What is needed: Excluding pictures, what does the listing below contain from the line with "Starbucks Via Instant" up to and including the line with "Surfboards & Sun", word for word?

Provided records:
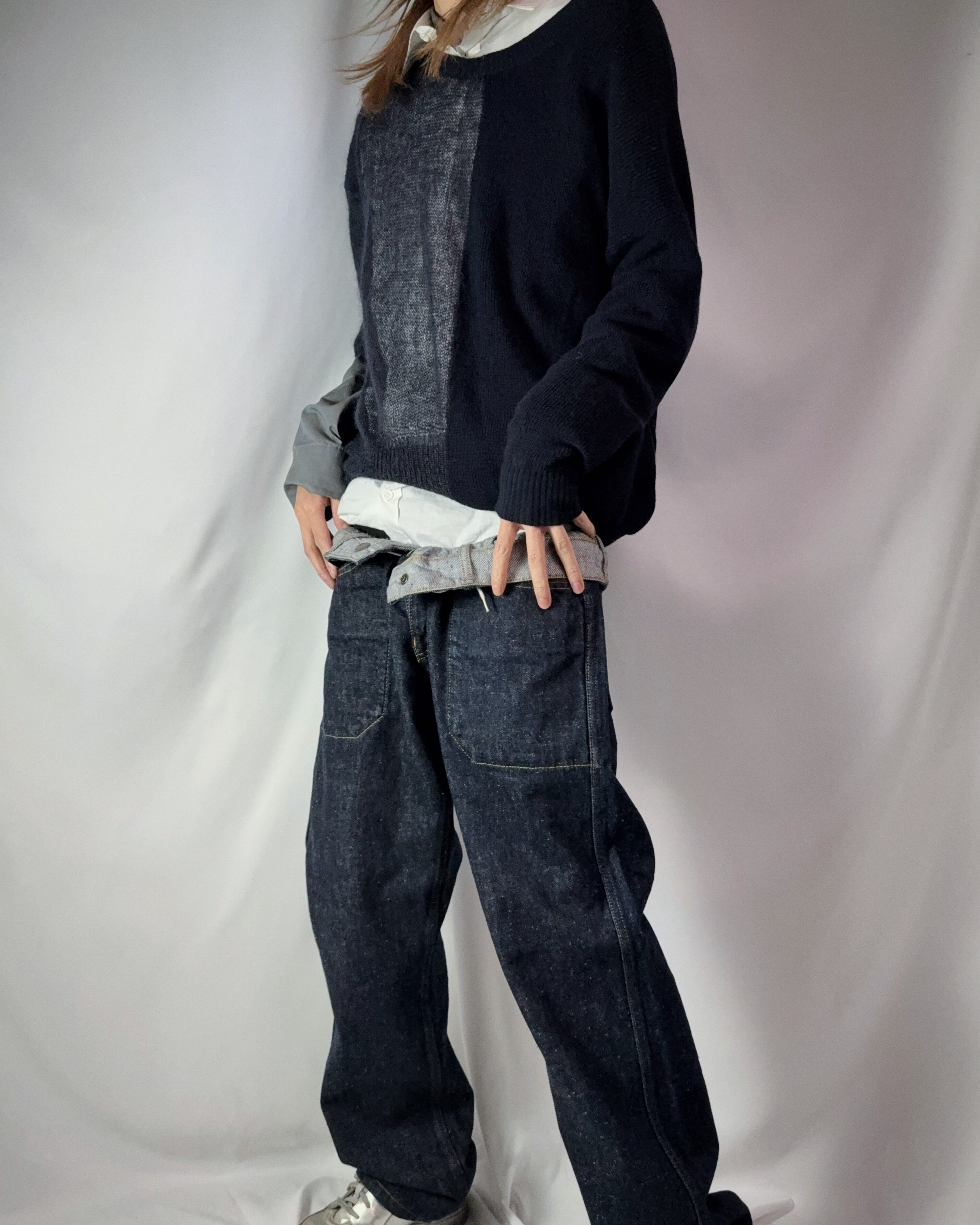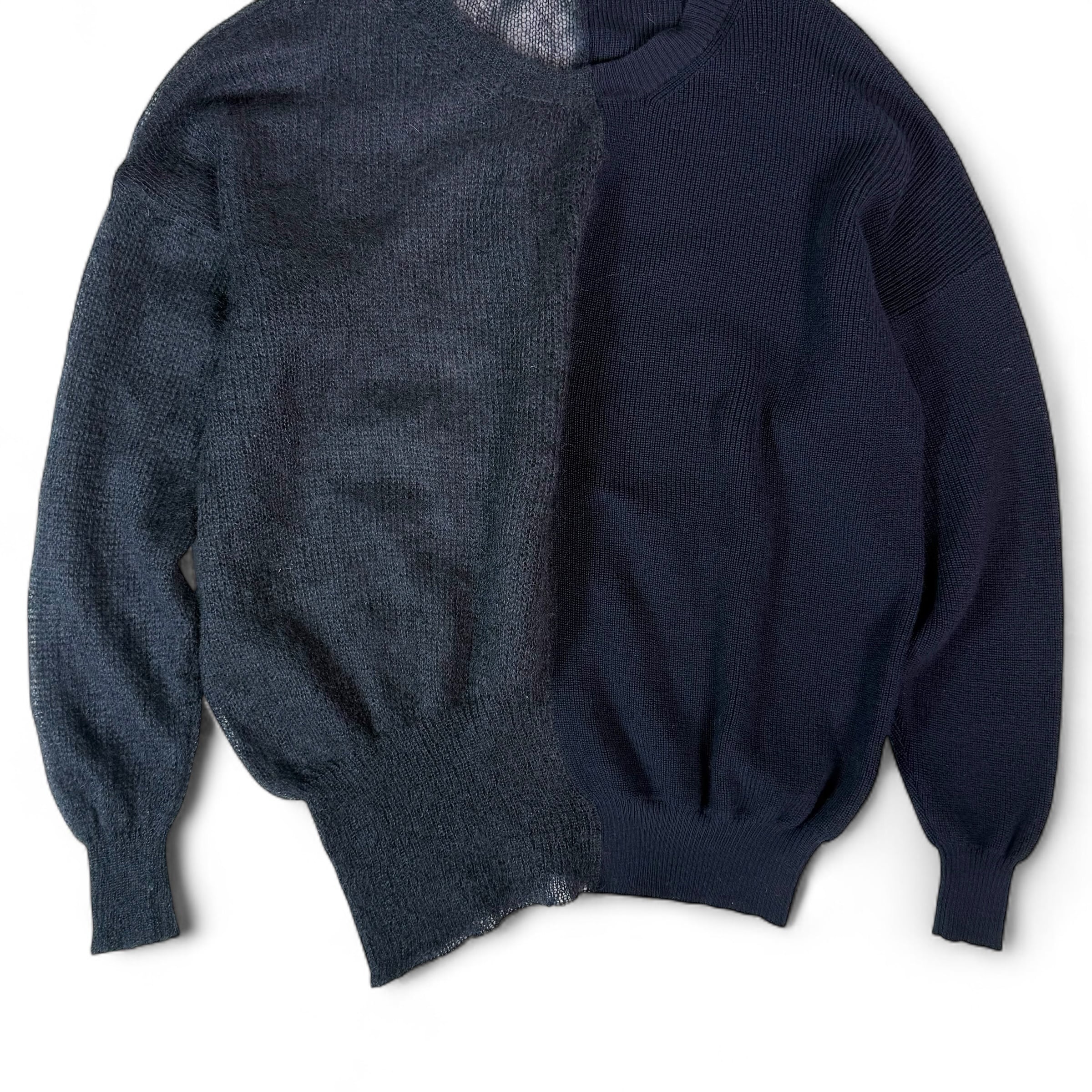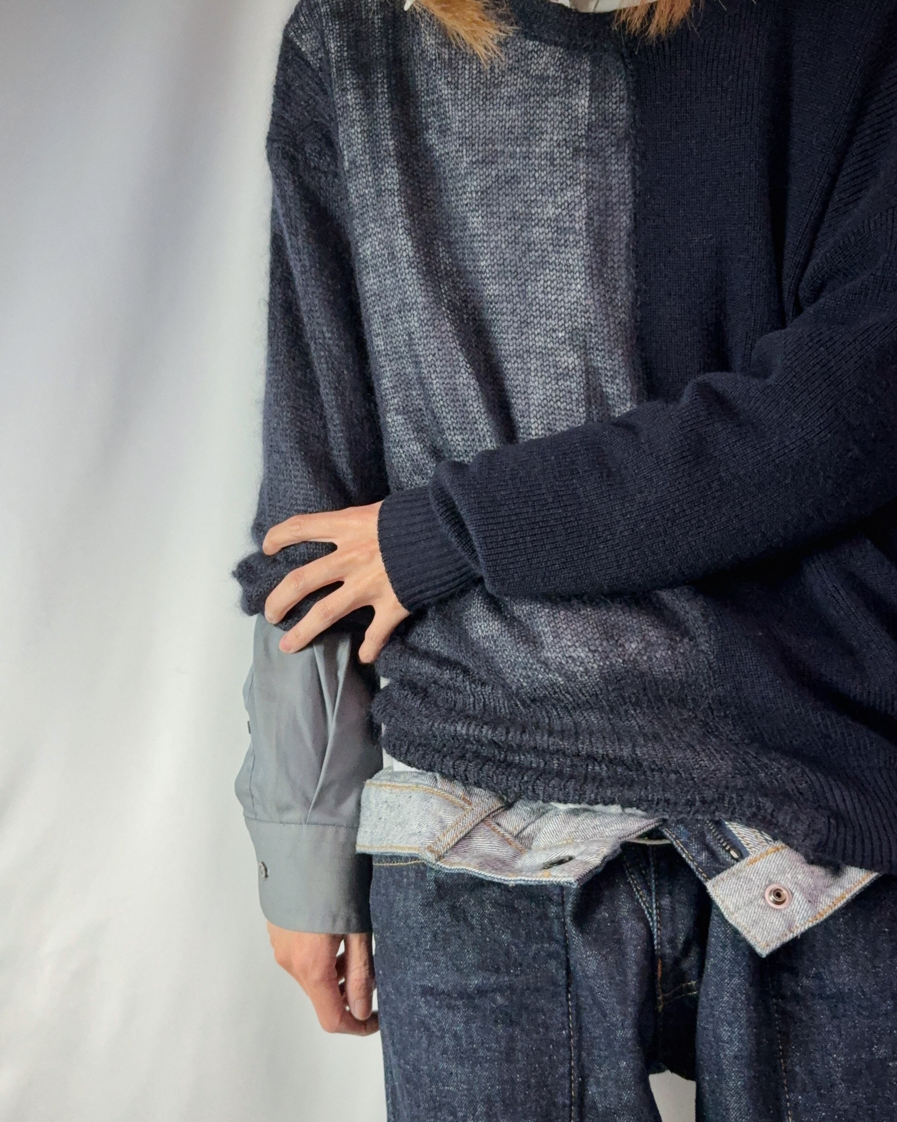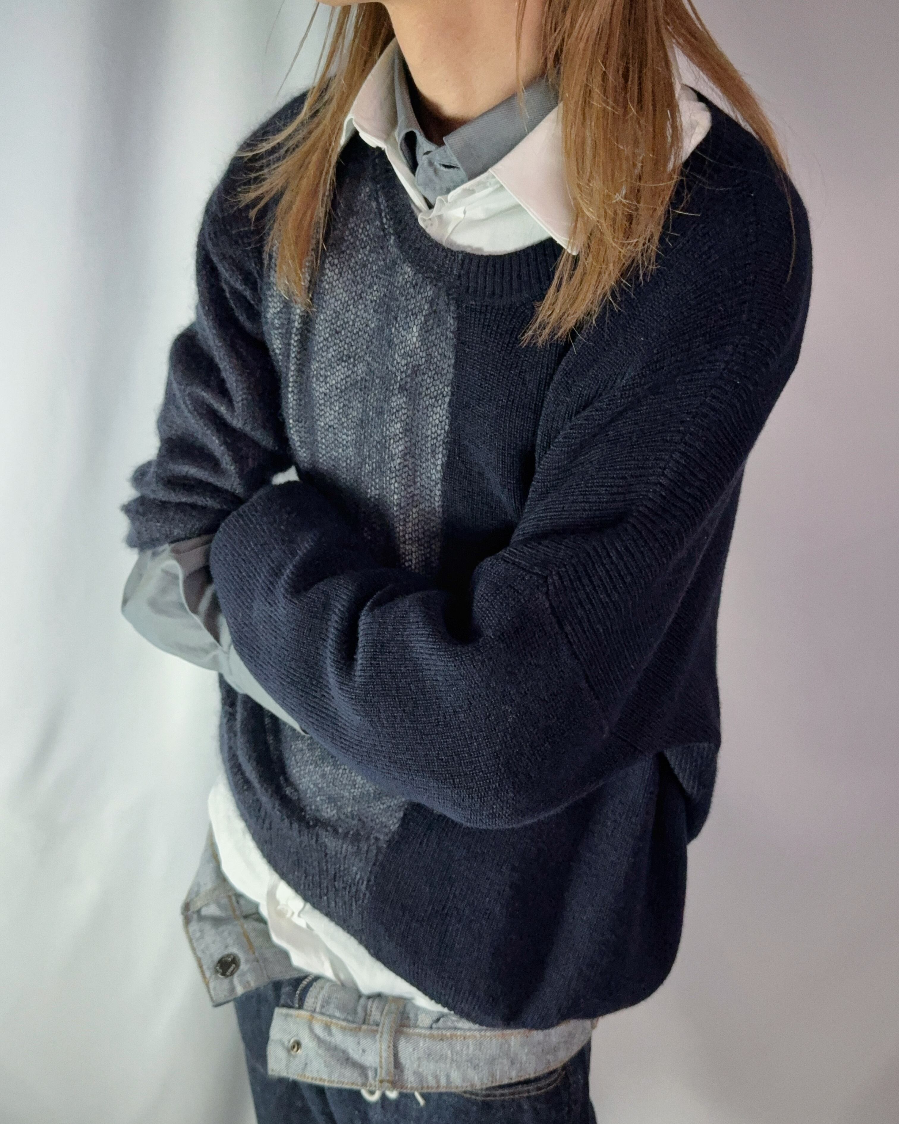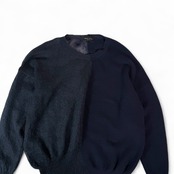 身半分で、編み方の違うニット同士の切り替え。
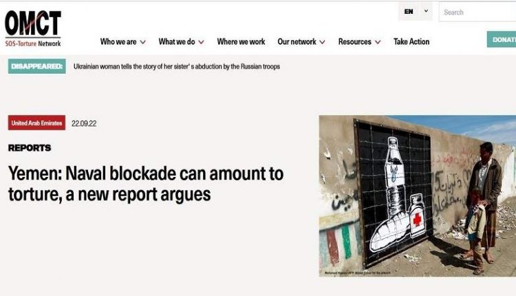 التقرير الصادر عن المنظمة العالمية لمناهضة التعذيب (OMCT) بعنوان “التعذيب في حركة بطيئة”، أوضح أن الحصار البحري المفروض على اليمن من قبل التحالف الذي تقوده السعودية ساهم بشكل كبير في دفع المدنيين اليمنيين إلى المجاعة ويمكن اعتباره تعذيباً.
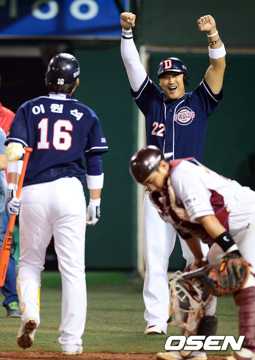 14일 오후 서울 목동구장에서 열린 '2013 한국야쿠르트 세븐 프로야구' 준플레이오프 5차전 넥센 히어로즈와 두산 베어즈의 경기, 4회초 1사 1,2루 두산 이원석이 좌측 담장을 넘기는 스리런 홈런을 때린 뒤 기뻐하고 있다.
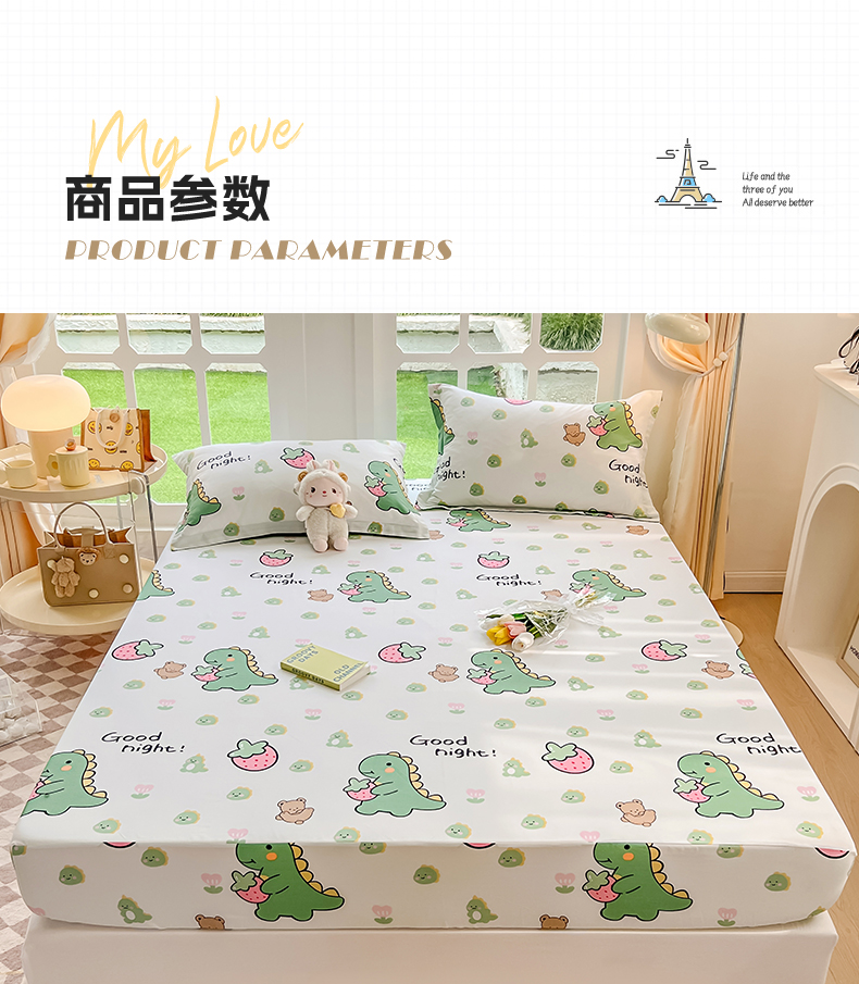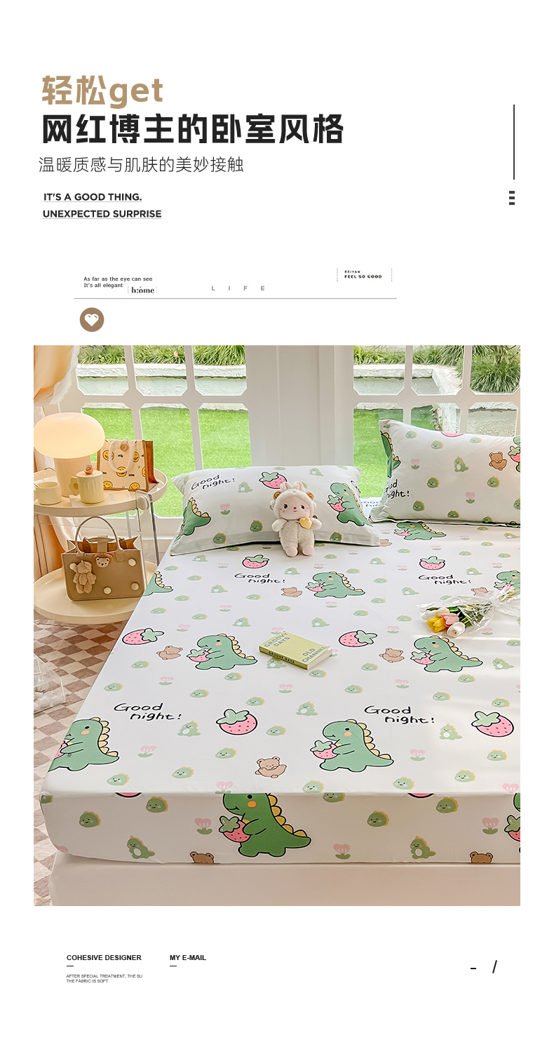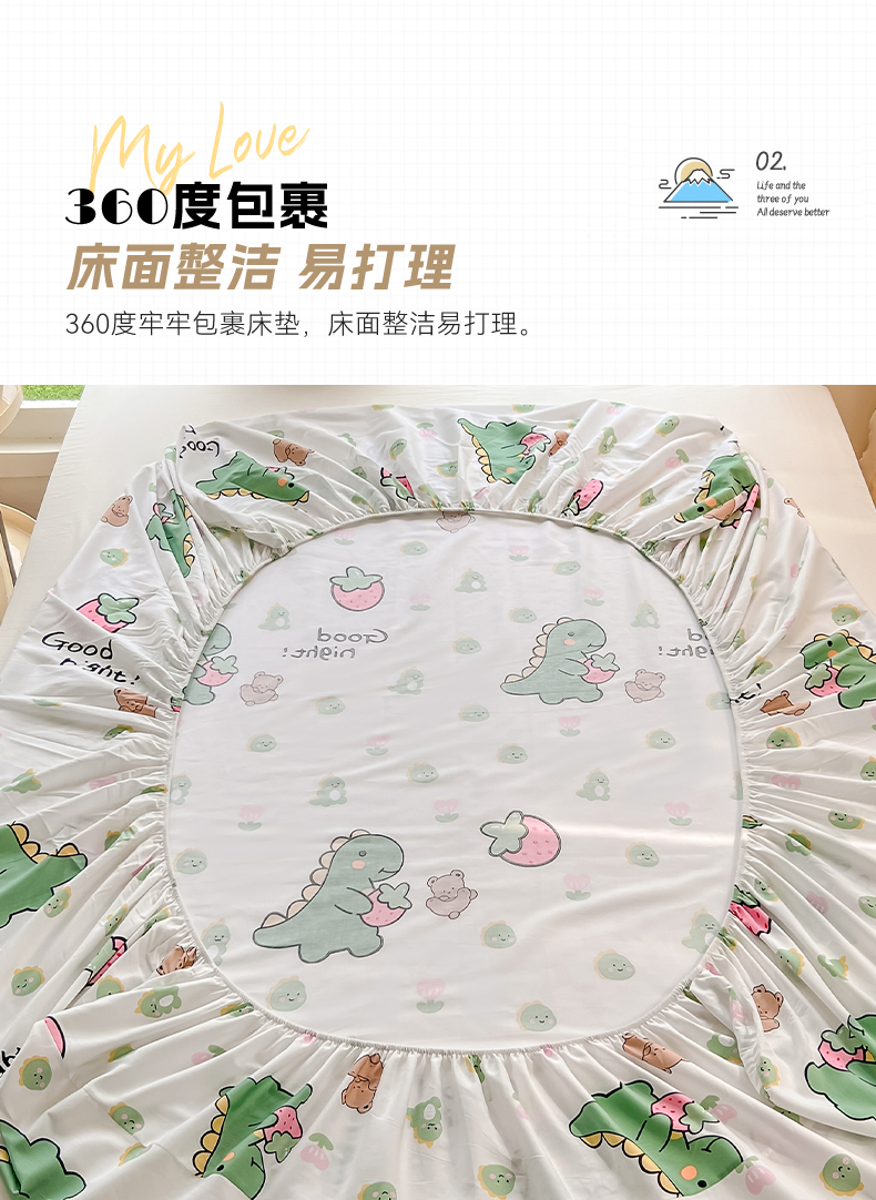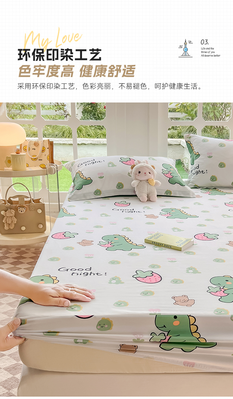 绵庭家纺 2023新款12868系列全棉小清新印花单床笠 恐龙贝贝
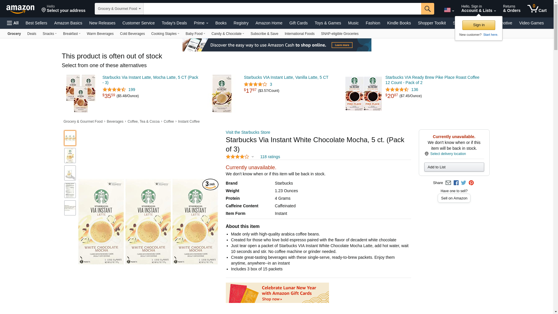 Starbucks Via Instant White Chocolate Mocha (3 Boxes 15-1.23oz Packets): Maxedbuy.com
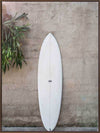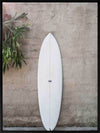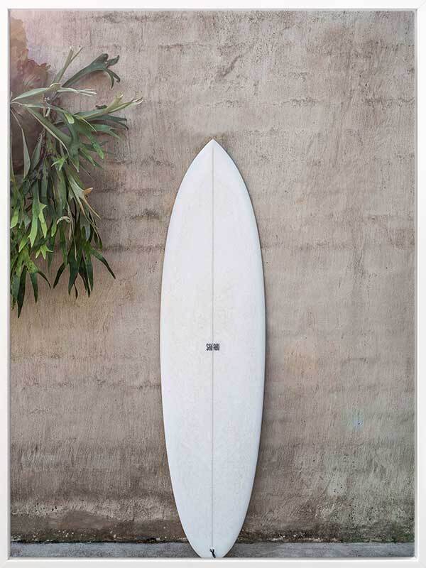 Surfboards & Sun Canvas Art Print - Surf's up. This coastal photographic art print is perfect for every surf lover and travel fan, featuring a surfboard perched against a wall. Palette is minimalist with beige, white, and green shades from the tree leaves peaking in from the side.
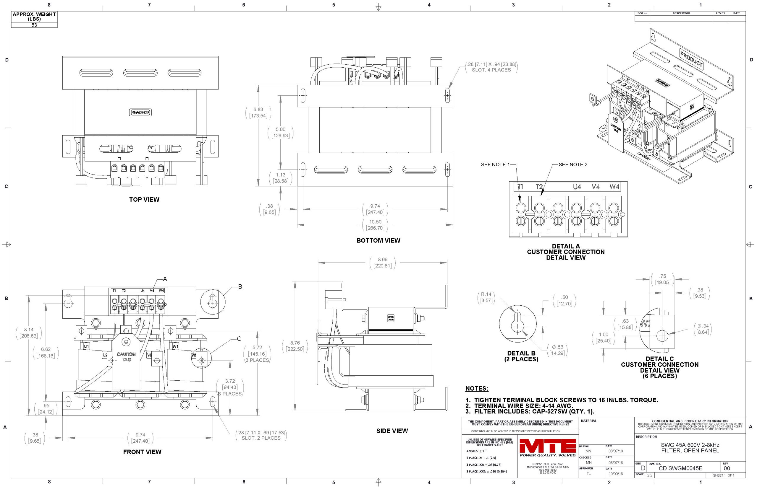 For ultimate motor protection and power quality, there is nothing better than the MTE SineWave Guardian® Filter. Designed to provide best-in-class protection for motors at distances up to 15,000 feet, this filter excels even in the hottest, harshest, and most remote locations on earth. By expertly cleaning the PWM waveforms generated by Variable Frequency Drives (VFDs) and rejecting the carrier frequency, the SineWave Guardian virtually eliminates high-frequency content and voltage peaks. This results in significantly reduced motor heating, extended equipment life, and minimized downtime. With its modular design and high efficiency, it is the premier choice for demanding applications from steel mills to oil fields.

Exercise response:
 Starbucks Via Instant White Chocolate Mocha (3 Boxes 15-1.23oz Packets): Maxedbuy.com
 Surfboards & Sun Canvas Art Print - Surf's up. This coastal photographic art print is perfect for every surf lover and travel fan, featuring a surfboard perched against a wall. Palette is minimalist with beige, white, and green shades from the tree leaves peaking in from the side.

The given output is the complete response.